Don't include any picture when you restate the data word for word.

Dataset section:
● ● ● ●

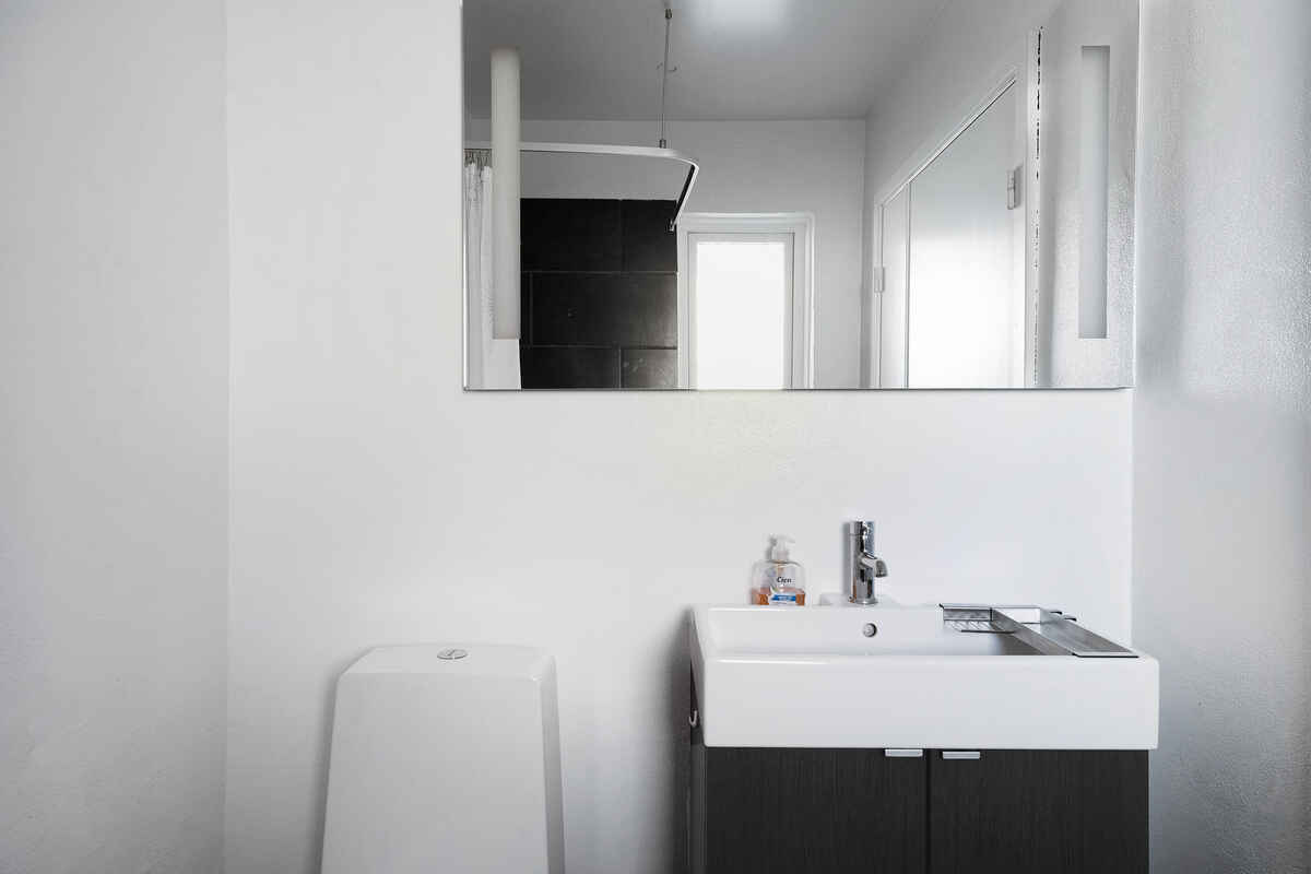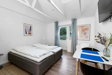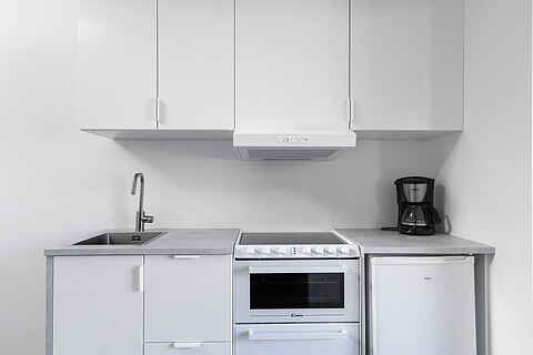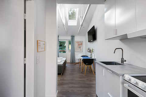 I dag er værelserne lavet om til små nyrenoverede lejligheder med eget badeværelse og eget køkken.
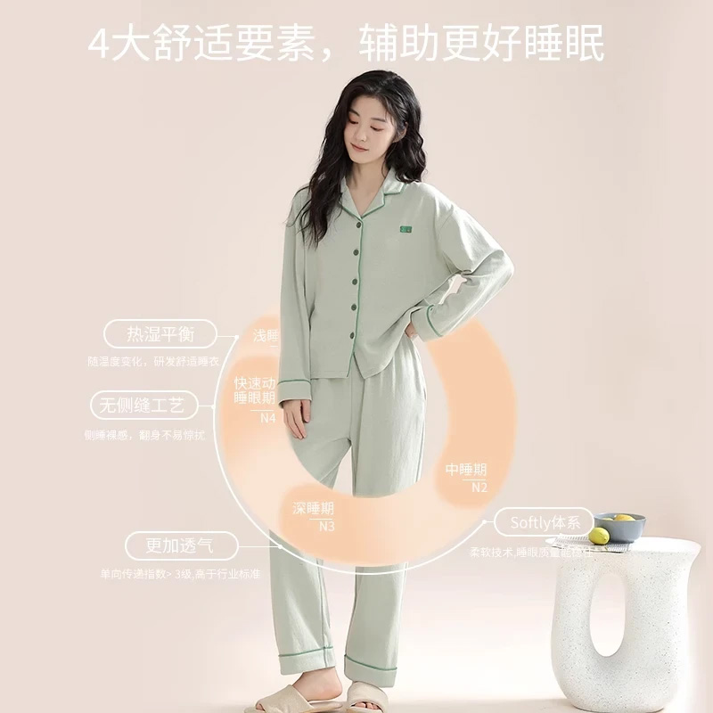 可外穿夏季 纯棉睡衣女春秋款 全棉女士家居服套装 2025新款 长袖
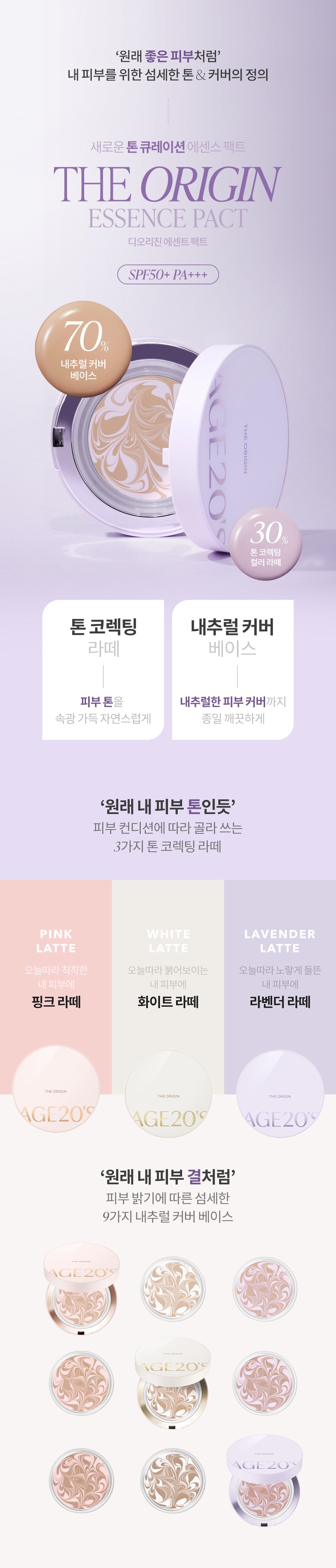 For those with flushed skin, our WHITE LATTE option is ideal. This blend also features a 70% base and 30% color latte formula, but with a white tone-up powder and Panthenol for soothing effects. Both variants share the hallmark benefits of our Origin Essence Pact: original brilliance, a uniform, thin layer of cover, and natural tone correction.

● ● ● ●

Output for this task:
 I dag er værelserne lavet om til små nyrenoverede lejligheder med eget badeværelse og eget køkken.
 可外穿夏季 纯棉睡衣女春秋款 全棉女士家居服套装 2025新款 长袖
 For those with flushed skin, our WHITE LATTE option is ideal. This blend also features a 70% base and 30% color latte formula, but with a white tone-up powder and Panthenol for soothing effects. Both variants share the hallmark benefits of our Origin Essence Pact: original brilliance, a uniform, thin layer of cover, and natural tone correction.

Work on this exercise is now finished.